T15. Pattern recognition methods for profiling microbial communities

Agnieszka Lemanska1, Karlheinz Trebesius2, Karl Grammer3, Dustin J Penn4, Richard G Brereton1

1Centre for Chemometrics, School of Chemistry, University of Bristol, United Kingdom
2Vermicon AG, Munich, Germany
3Ludwig Boltzmann Institute for Urban Ethology, Department for Anthropology, Vienna, Austria
4Konrad Lorenz Institute for Ethology, Austrian Academy of Sciences, Vienna, Austria

Human secretions contain large numbers of microbes. In this study carried out in a remote village in Austria microbial samples from armpits of almost 200 individual donors (88 males and 108 females) grouped into families were investigated. Several pattern recognition techniques were applied to reveal trends in microbial fingerprint of subjects.

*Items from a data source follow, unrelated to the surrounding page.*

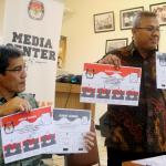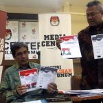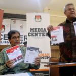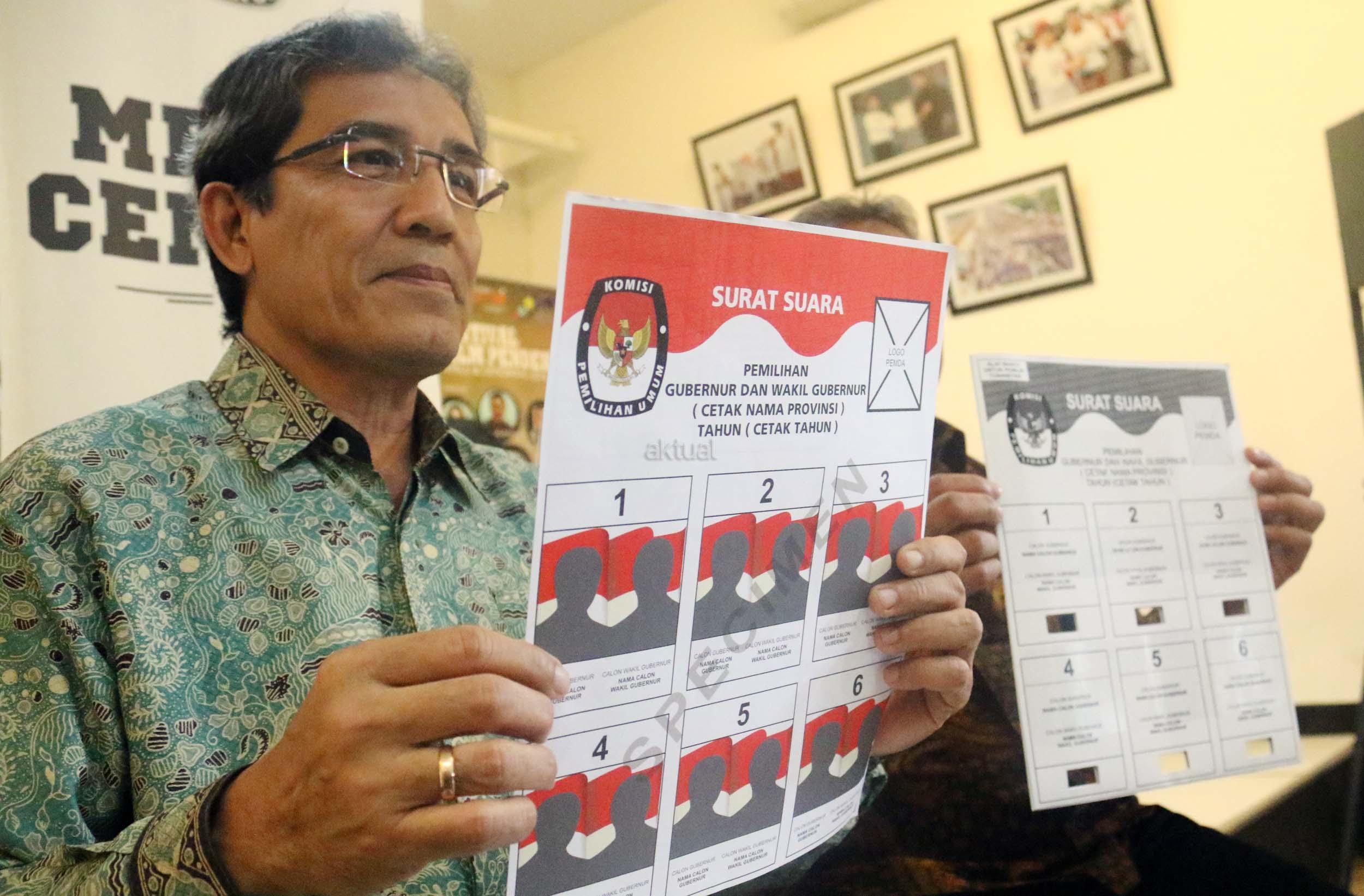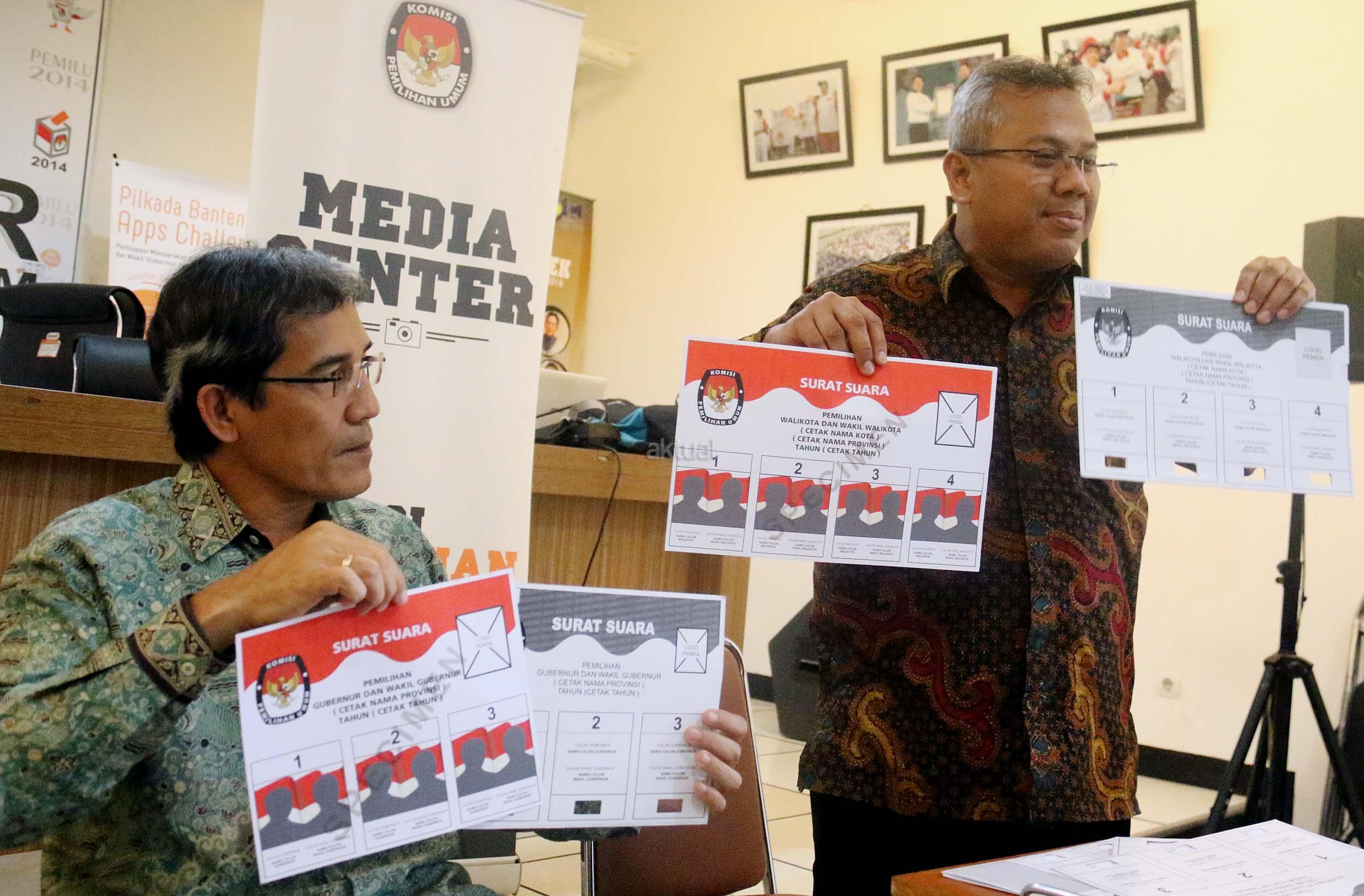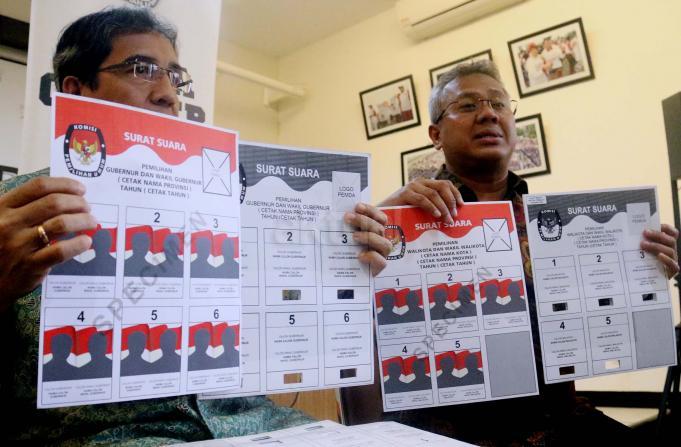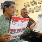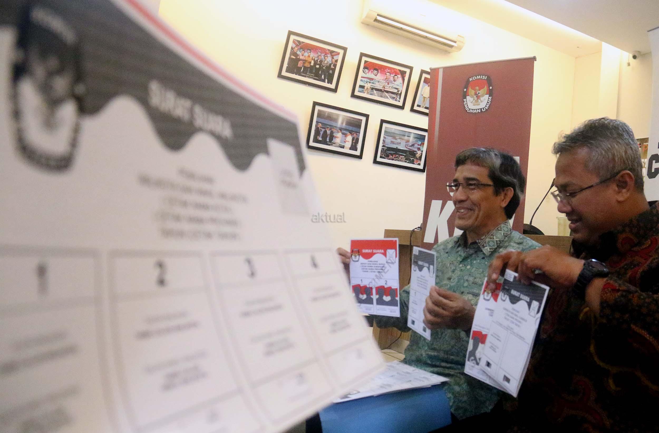 Komisioner KPU RI Hadar Nafis Gumay (kiri) bersama Komisioner KPU RI Arief Budiman (kanan) menunjukkan surat suara dan template surat suara Braille untuk para penyandang disabilitas dalam Pilkada di Kantor KPU Pusat, Jakarta, Rabu (4/1/2016). Komisi Pemilihan Umum menyediakan template surat suara Braille bagi pemilih penyandang tunanetra dimasing-masing TPS. Nantinya, surat suara akan diselipkan ke dalam template untuk kemudian dicoblos oleh pemilih. AKTUAL/Munzir
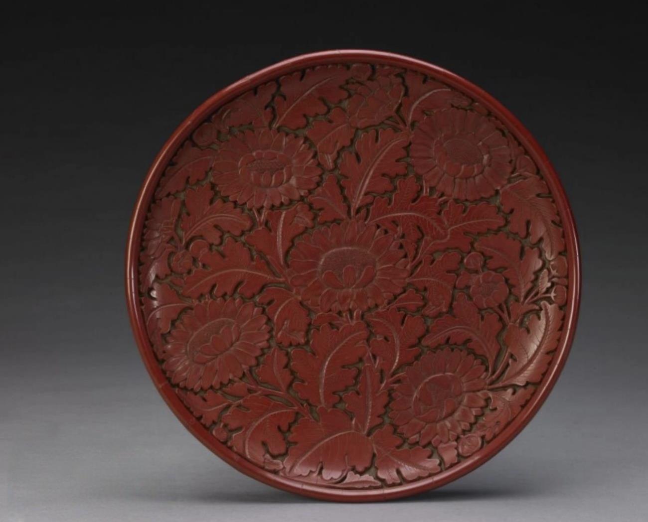 剔红菊花纹圆盘为明代永乐年间制作的漆器文物,现藏于故宫博物院。盘心雕刻盛开的团菊纹,花瓣层层叠叠,花蕊饱满,周围环绕缠枝菊纹,枝叶婉转缠绕,疏密得当。红漆的艳丽与菊纹的清雅形成巧妙对比,既显华贵,又不失雅致。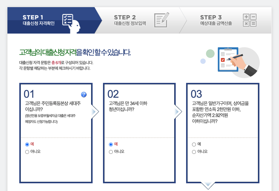 - STEP1. 대출신청 자격확인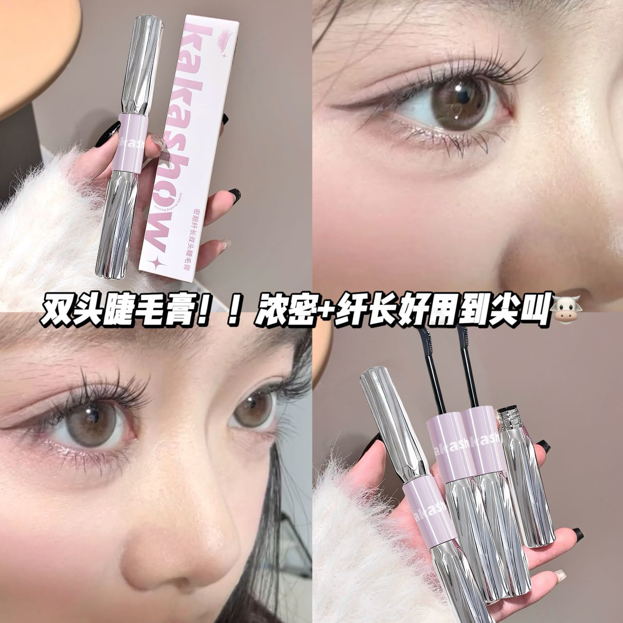 Kakashow плотная перевернутая длинная двухголовая тушь для ресниц с волокнами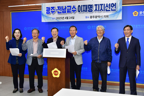 광주·전남 지역 대학교수 301명이 광주시의회에서 더불어민주당 이재명 경선 후보에 대한 지지를 선언했습니다.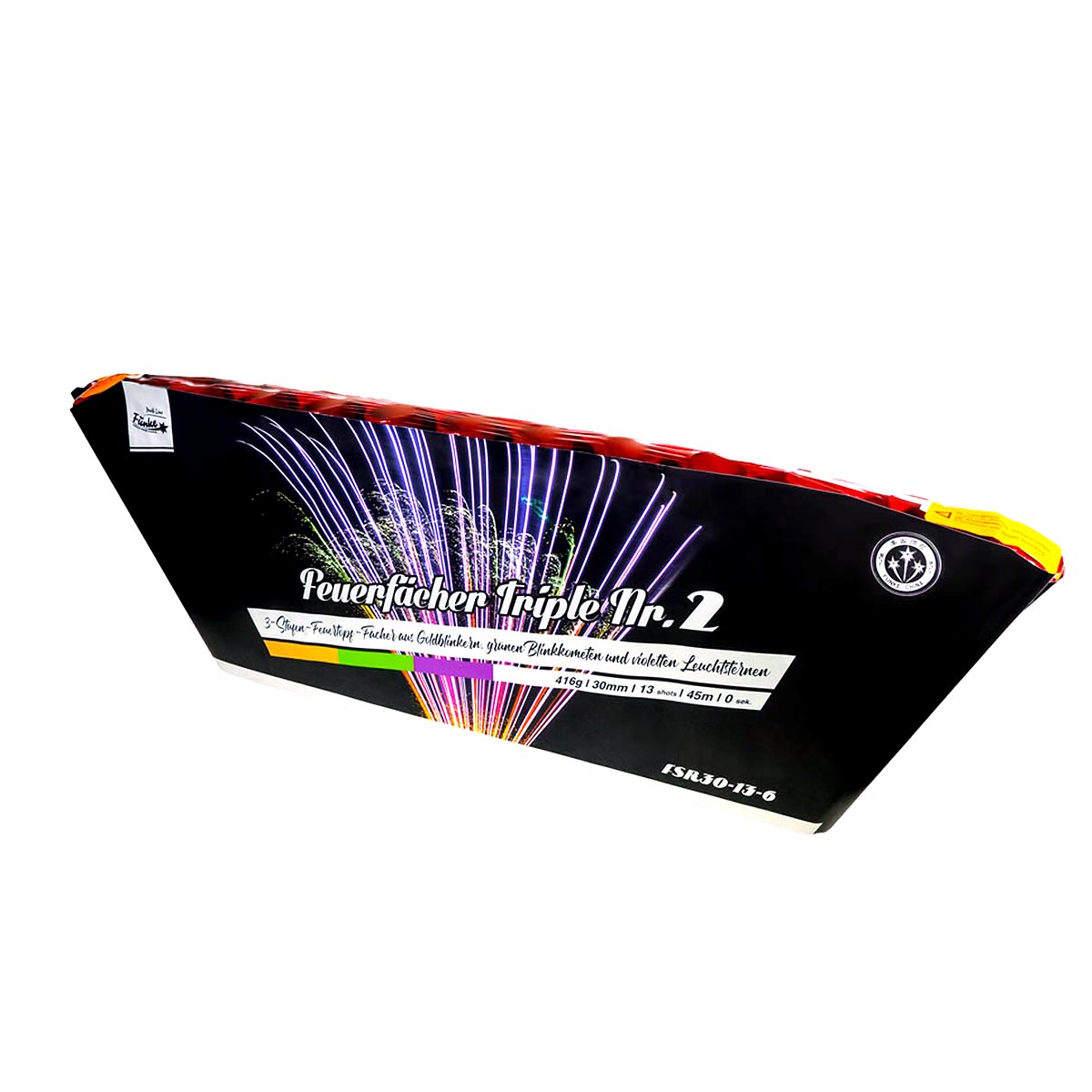 3-Stufen-Feuertopf-Fächer aus Goldblinkern, grünen Blinkkometen und violetten Leuchtsternen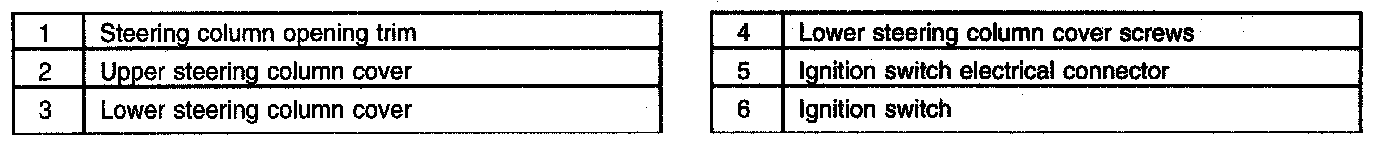 IGNITION SWITCH REMOVAL/INSTALLATIONCAUTION: Do not remove the ignition lock cylinder and the ignition switch at the same time or damage to the column can result.

DGGE (Denaturing Gradient Gel Electrophoresis) band tables that require accurate alignment of all the unique bands (corresponding to different microbes) among all the included samples may be difficult to produce. For smaller studies (one family) they are feasible. PCA (Principal Component Analysis) can be applied to band tables.

For larger studies automated pair-wise similarity measures are more feasible alternatives. In this approach both qualitative (presence or absence of unique bands using the Jaccard distance) and quantitative (presence and position using the cosine distance) measures combined with fuzzy matching of peak positions were applied. Patterns represented by dissimilarity matrices were revealed by PCO (Principal Co-ordinates Analysis).

Pair-wise dissimilarity and PCO analysis revealed considerable separation between genders. Rank analysis showed that the within individuals variation is significantly less then between individuals variation. This suggests that the individuals have unique microbial fingerprint. SOMs (Self Organising Maps) deliver information about specific microbes characteristic for individuals and demonstrate the existence of an individual fingerprint. The SOMDI (SOM Discrimination Index) together with supervised SOMs is described as a mechanism for determining which microbes are characteristic of individuals.
Group fingerprints (e.g. to differentiate males and females) can be determined using PCO components as input to supervised classifiers, including one class methods such as Quadratic Discriminant Analysis (QDA) and Support Vector Domain Description (SVDD) and two class methods such as PLS-DA (Partial Least Squares Discriminant Analysis) and Support Vector Machines (SVM). The validation of classification models is described.